◆ Data extract ◆
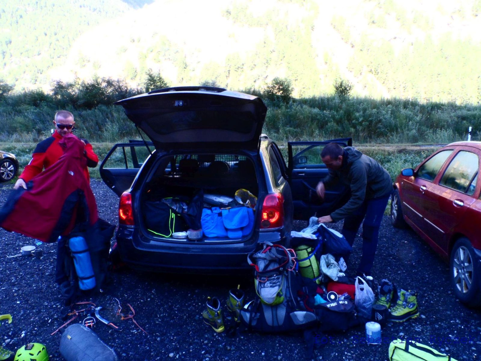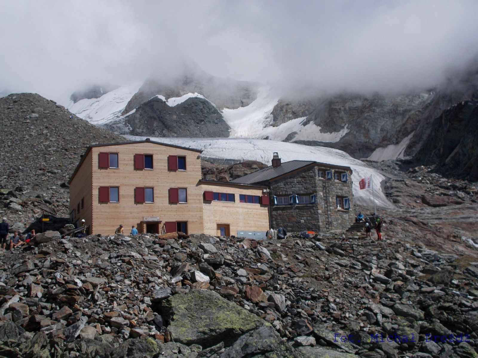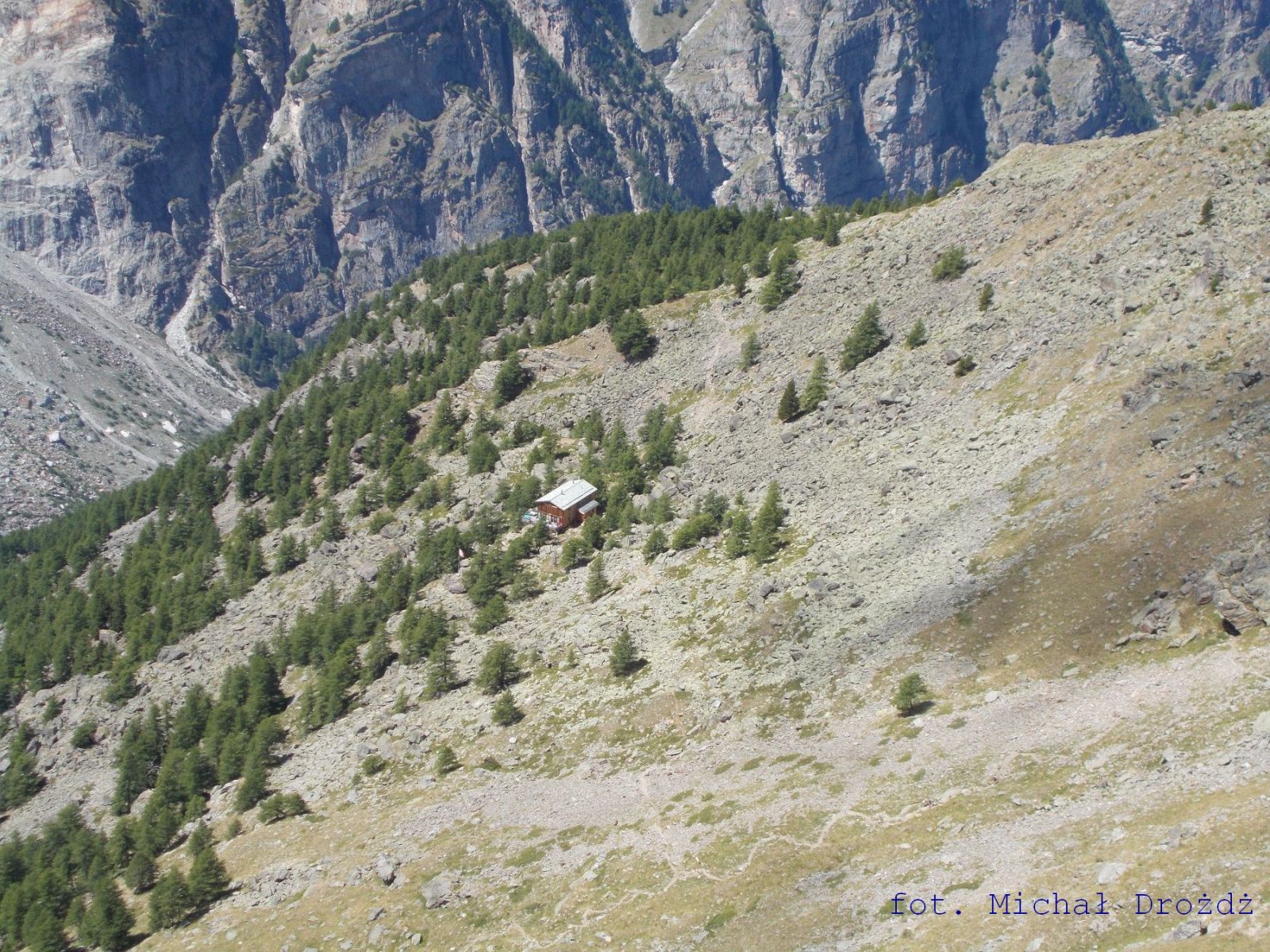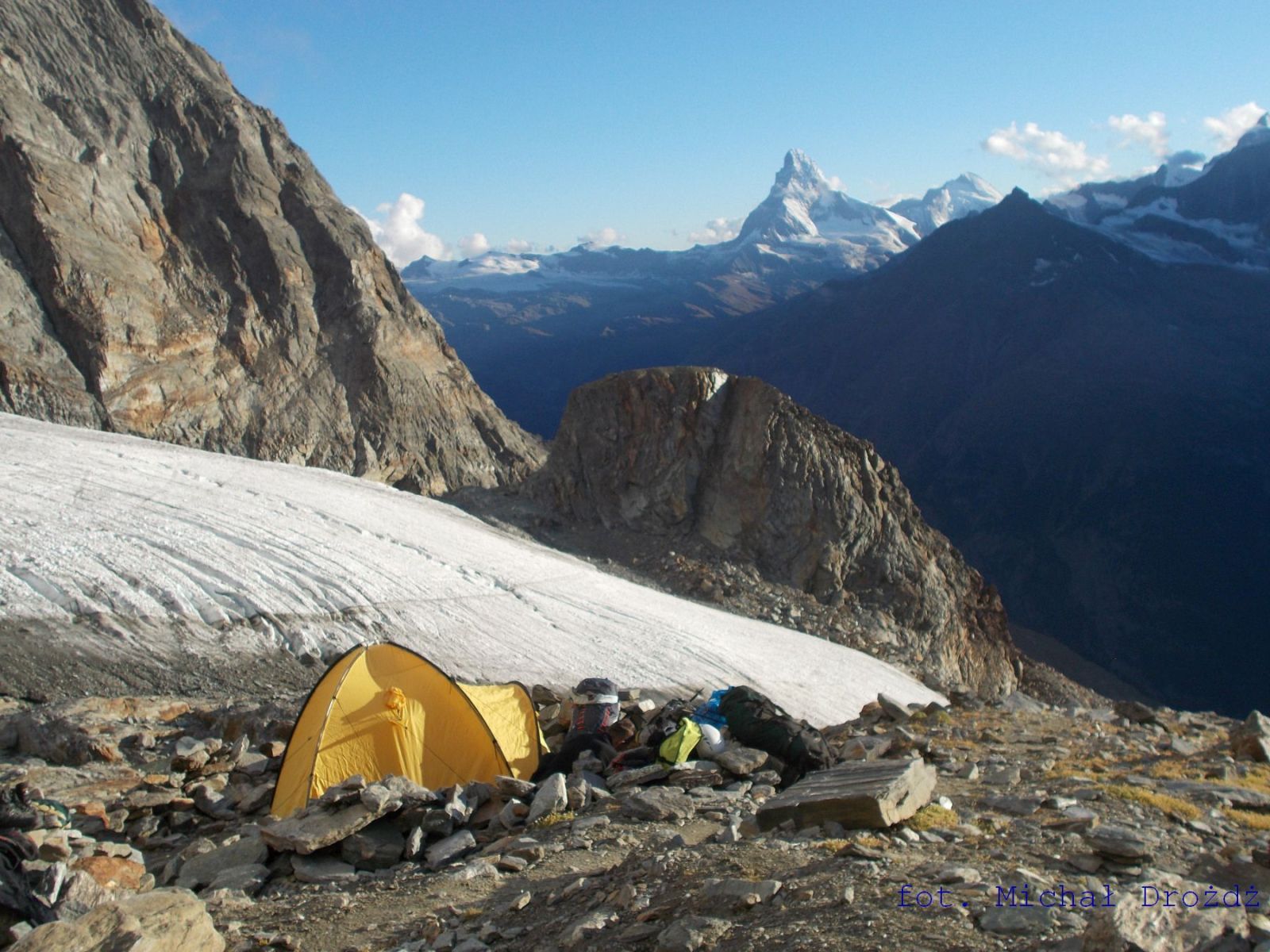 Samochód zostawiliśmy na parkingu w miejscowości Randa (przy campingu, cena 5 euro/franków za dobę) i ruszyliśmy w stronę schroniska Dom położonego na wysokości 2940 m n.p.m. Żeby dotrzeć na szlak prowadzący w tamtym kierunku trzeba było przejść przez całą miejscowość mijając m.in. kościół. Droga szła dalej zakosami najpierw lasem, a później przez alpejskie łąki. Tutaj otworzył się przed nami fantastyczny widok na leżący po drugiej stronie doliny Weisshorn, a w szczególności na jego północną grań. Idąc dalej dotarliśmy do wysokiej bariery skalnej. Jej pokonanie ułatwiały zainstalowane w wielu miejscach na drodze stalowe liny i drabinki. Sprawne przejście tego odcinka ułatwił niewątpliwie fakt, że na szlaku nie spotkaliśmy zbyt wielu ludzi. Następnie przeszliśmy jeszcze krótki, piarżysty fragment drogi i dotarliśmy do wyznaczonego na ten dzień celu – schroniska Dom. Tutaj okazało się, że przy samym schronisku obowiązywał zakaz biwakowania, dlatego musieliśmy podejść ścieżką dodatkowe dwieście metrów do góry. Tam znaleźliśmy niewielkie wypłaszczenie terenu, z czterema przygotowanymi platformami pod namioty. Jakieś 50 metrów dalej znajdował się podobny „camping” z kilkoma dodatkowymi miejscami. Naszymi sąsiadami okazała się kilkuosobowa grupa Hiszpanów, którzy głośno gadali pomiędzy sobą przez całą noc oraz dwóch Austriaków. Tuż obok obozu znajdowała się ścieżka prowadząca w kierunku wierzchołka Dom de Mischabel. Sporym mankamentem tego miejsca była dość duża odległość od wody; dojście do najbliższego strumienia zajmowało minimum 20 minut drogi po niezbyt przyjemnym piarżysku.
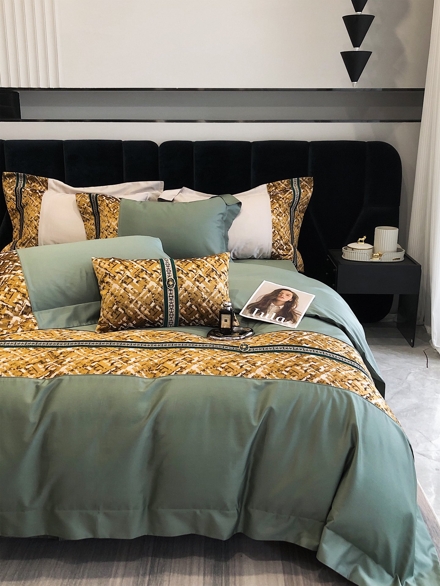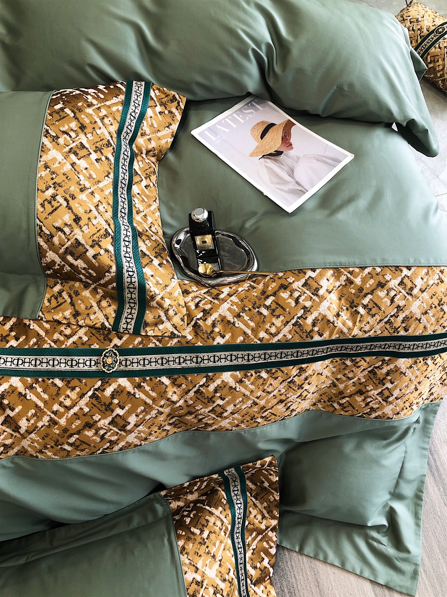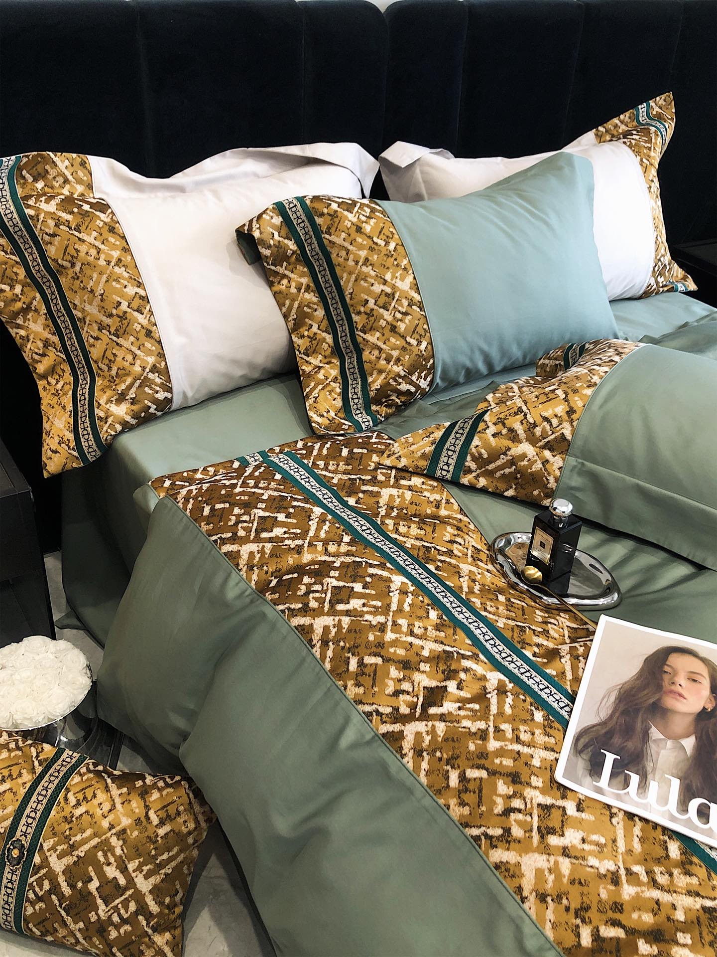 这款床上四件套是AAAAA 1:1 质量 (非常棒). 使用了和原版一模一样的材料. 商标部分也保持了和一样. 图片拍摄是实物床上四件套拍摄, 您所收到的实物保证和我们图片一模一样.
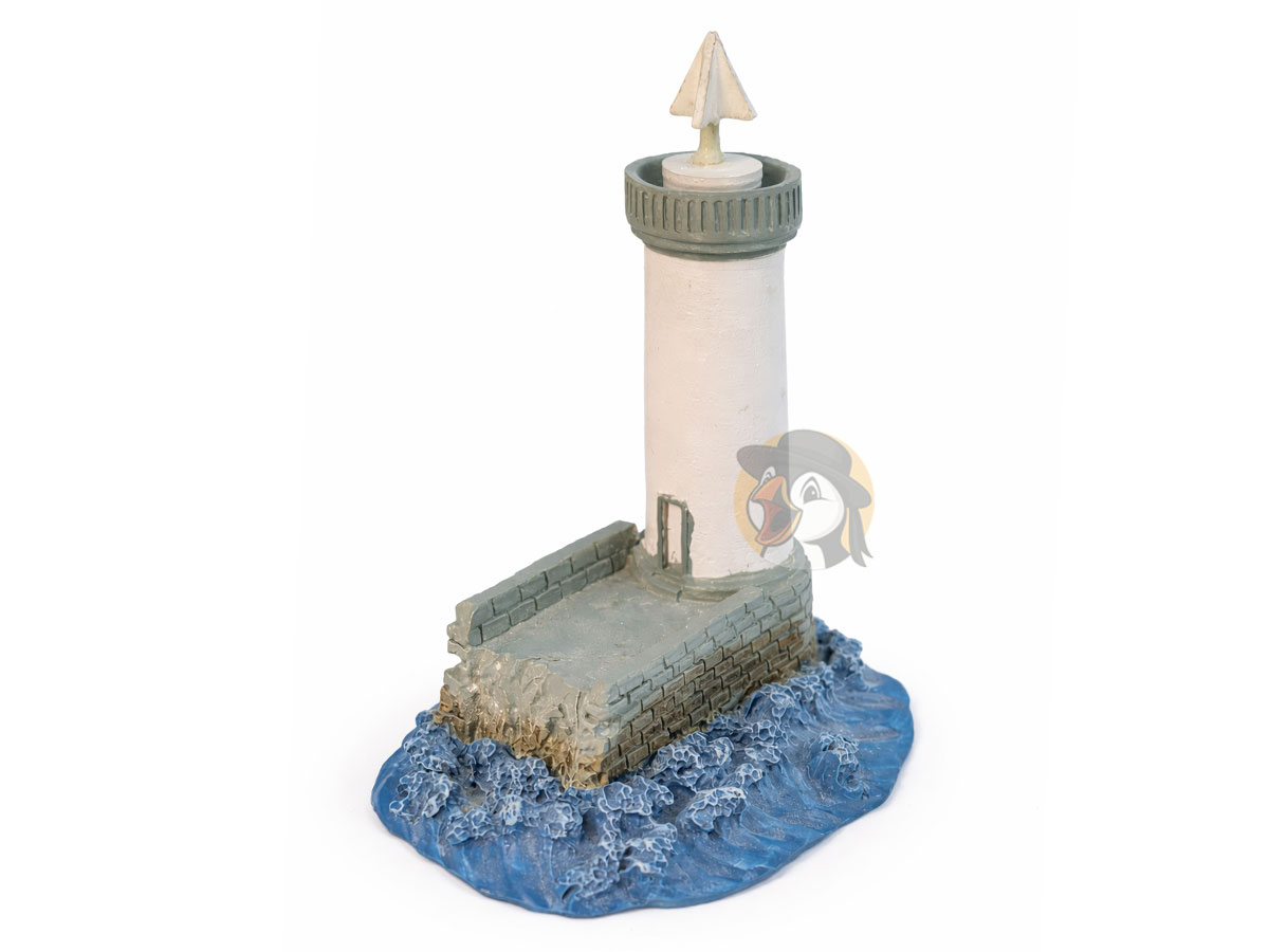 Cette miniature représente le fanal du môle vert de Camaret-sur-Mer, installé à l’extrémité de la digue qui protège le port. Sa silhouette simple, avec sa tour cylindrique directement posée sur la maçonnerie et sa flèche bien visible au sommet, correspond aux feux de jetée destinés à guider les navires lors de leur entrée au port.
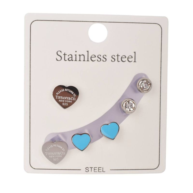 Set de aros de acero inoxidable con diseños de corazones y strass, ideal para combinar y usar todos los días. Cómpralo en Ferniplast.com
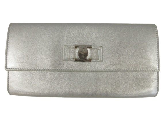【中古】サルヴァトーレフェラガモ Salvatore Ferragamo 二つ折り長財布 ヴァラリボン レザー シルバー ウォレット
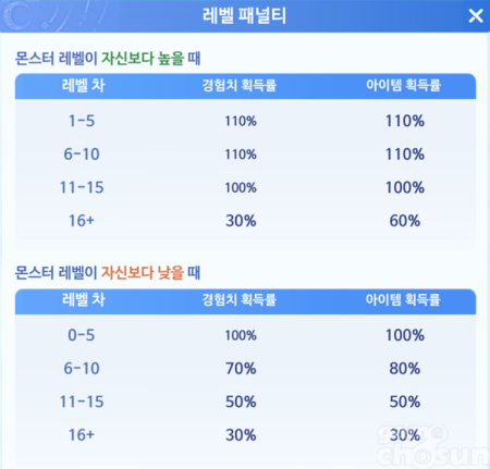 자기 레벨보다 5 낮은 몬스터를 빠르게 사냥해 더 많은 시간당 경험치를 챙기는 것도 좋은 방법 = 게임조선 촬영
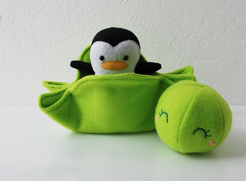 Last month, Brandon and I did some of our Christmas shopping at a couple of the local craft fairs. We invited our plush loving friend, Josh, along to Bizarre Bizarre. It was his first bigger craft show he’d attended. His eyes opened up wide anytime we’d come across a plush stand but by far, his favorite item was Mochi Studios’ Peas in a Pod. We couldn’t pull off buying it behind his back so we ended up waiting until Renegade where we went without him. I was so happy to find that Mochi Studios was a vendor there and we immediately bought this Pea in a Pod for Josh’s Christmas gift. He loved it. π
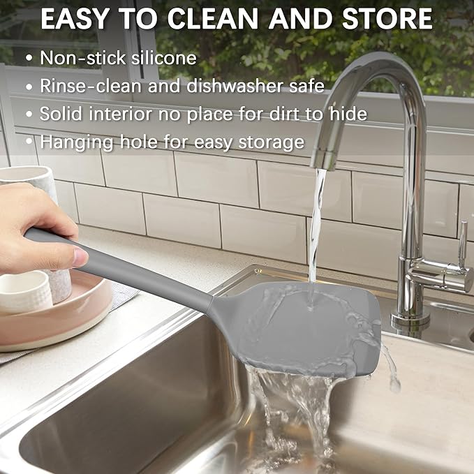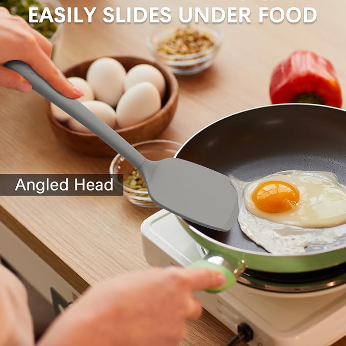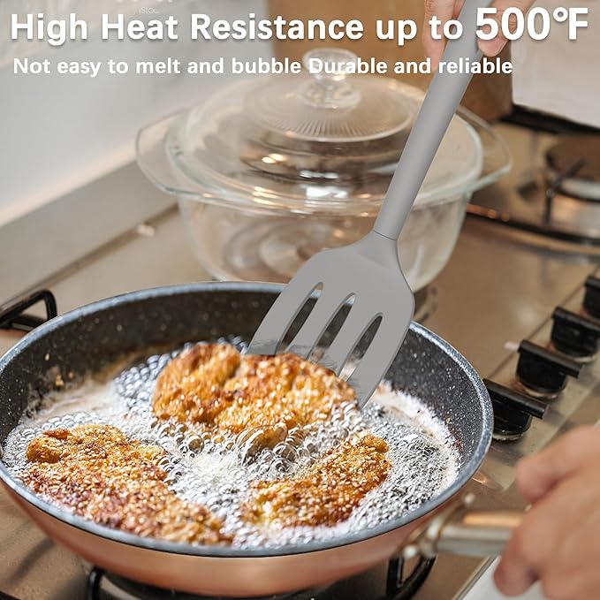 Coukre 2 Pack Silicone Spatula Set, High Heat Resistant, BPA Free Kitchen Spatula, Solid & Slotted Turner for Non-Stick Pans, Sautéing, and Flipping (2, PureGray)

◆ Your goal ◆
Exactly the lines above, from the one containing "这款床上四件套是AAAAA 1:1 质量" down to the one containing "レザー シルバー ウォレット", are to be repeated, including both ends. Pictures are not part of the copy.

◆ Exercise answer ◆
 这款床上四件套是AAAAA 1:1 质量 (非常棒). 使用了和原版一模一样的材料. 商标部分也保持了和一样. 图片拍摄是实物床上四件套拍摄, 您所收到的实物保证和我们图片一模一样.
 Cette miniature représente le fanal du môle vert de Camaret-sur-Mer, installé à l’extrémité de la digue qui protège le port. Sa silhouette simple, avec sa tour cylindrique directement posée sur la maçonnerie et sa flèche bien visible au sommet, correspond aux feux de jetée destinés à guider les navires lors de leur entrée au port.
 Set de aros de acero inoxidable con diseños de corazones y strass, ideal para combinar y usar todos los días. Cómpralo en Ferniplast.com
【中古】サルヴァトーレフェラガモ Salvatore Ferragamo 二つ折り長財布 ヴァラリボン レザー シルバー ウォレット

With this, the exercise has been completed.